Function Executables — A single executable file containing a class with the same name as the plugin name and executable functions with the names and parameters as defined in the function descriptions.
Plugin Example YAML
Here I have described a simple plugin description YAML file for the task of Dashboard generation.
name: Dashboard Visualizer
description: A plugin for displaying visual dashboards to user as per query
model: gpt4-32k
system_prompt: You are an assistant for a Social Media dashboard. We are
receiving a stream of data from social platforms and you need to analyse
the data to offer insights to users.
function_calling_model: Gorilla
planning_framework: LLMCompiler
name: get_dashboard
description: fetch the dashboard data points for the given social platform for the respective duration
schema: <Payload Schema for hitting the endpoint>
dependencies: get_chart AND get_filters
user_out: true
name: get_chart
description: Initializes chart and chart fields for a dashboard
schema: <Payload Schema for hitting the endpoint>
dependencies: get_report
user_out: false
name: get_filters
description: Initializes filters for a dashboard
schema: <Payload Schema for hitting the endpoint>
dependencies: get_report
user_out: false
name: get_report
description: Gets the report name based on the user query
schema: <Payload Schema for hitting the endpoint>
Flow Design

Two choices of control flow
For flow design, we have two choices.
- Centralized Bot — A single central bot responsible for orchestrating function calls across all the plugins.

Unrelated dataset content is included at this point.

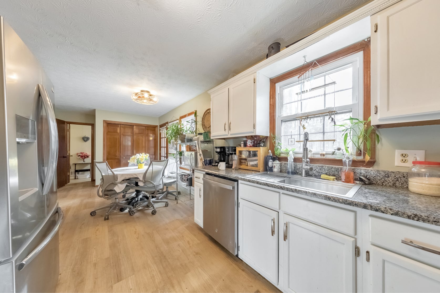 Welcome to this charming 4 bed / 3 bath East Cobb home tucked away in a quiet neighborhood. Step inside to an inviting living room with a gas log fireplace that flows into a kitchen equipped with stainless steel appliances, white cabinetry, and a laundry closet with washer and gas dryer. A main-level bedroom and full bath offer an easy option for family and guests. Upstairs, two spacious bedrooms share a hall bath with a new toilet. The finished lower level offers updated flooring and versatile space that is ideal for an in-law suite with its own living room, kitchenette, and bedroom with a walk-in closet and updated full bathroom. Enjoy relaxed outdoor living on the screened-in porch overlooking a partially fenced backyard. Beyond the fenced area, you’ll find a cozy fire pit space along with a storage shed for tools or lawn equipment. Upgrades include updated windows and a four-year-old roof. With shopping, dining, and schools close by, this home offers an ideal blend of convenience and everyday comfort.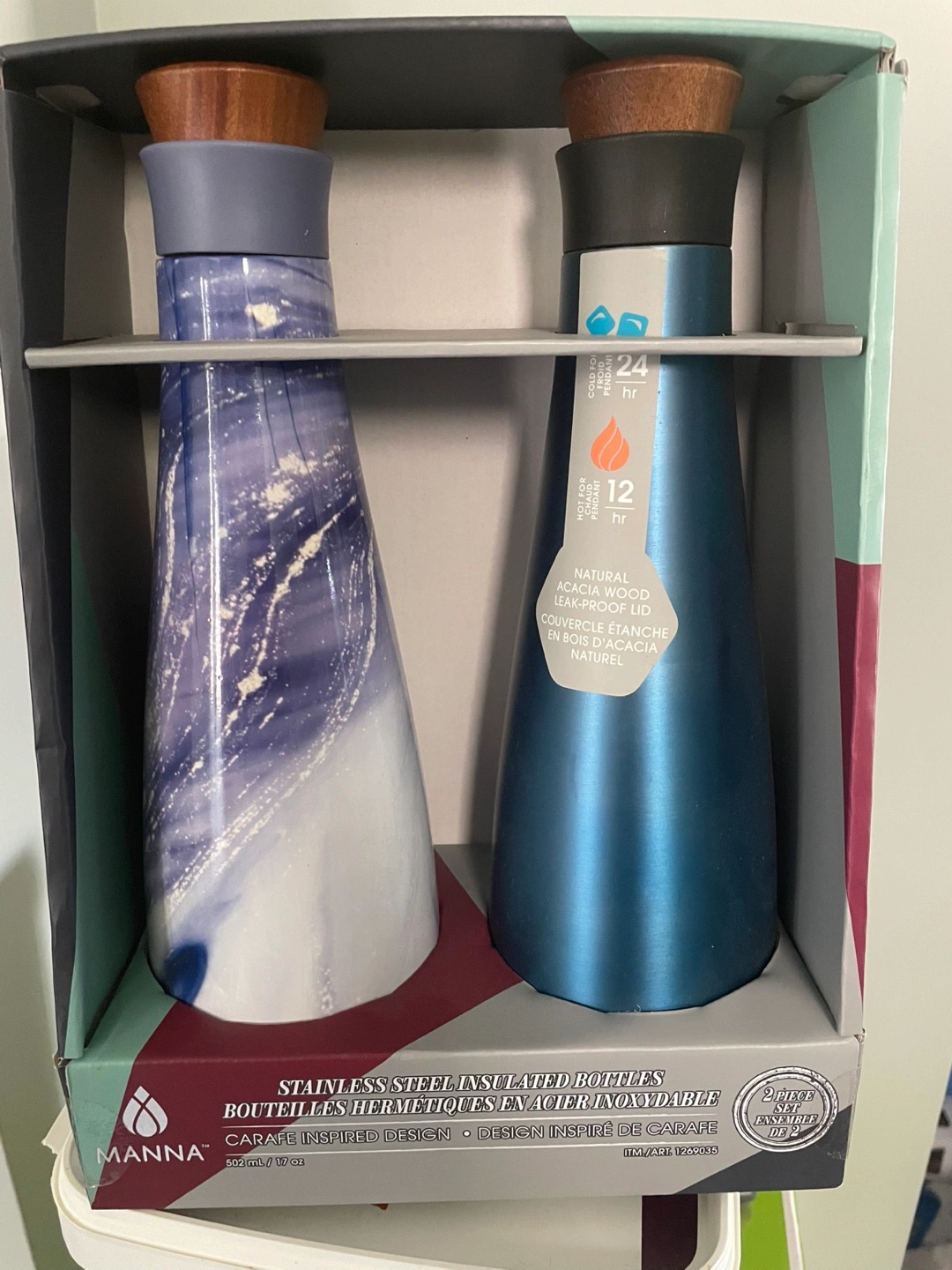I'm selling a set of Manna stainless steel insulated bottles with a carafe-inspired design. They're 502 ml / 17 oz bottles. They feature natural acacia wood leak-proof lids. They're perfect for maintaining the temperature of your drink, keeping cold drinks cold for 24 hours and hot drinks hot for 12 hours. The box is included

- Plugin Bot — Separate bot for plugins that are passed control from the central bot and are responsible for function calling within its set of functions.
Enhancements
Apart from the basic functionality of the copilot, some enhancements that could further extend its usability can be as follows:
Cross-Plugin Interaction— Allowing the LLM access to the APIs from different plugins could let it solve certain tasks that were otherwise not possible or even discover solutions on its own.Suggestion DAG — After completion of a user task, the copilot could offer suggestions to execute some follow-up tasks based on pre-fed data or general recorded user behavior. A task DAG could be created and stored. After completion of any task, the DAG is referred and the follow-up task is suggested.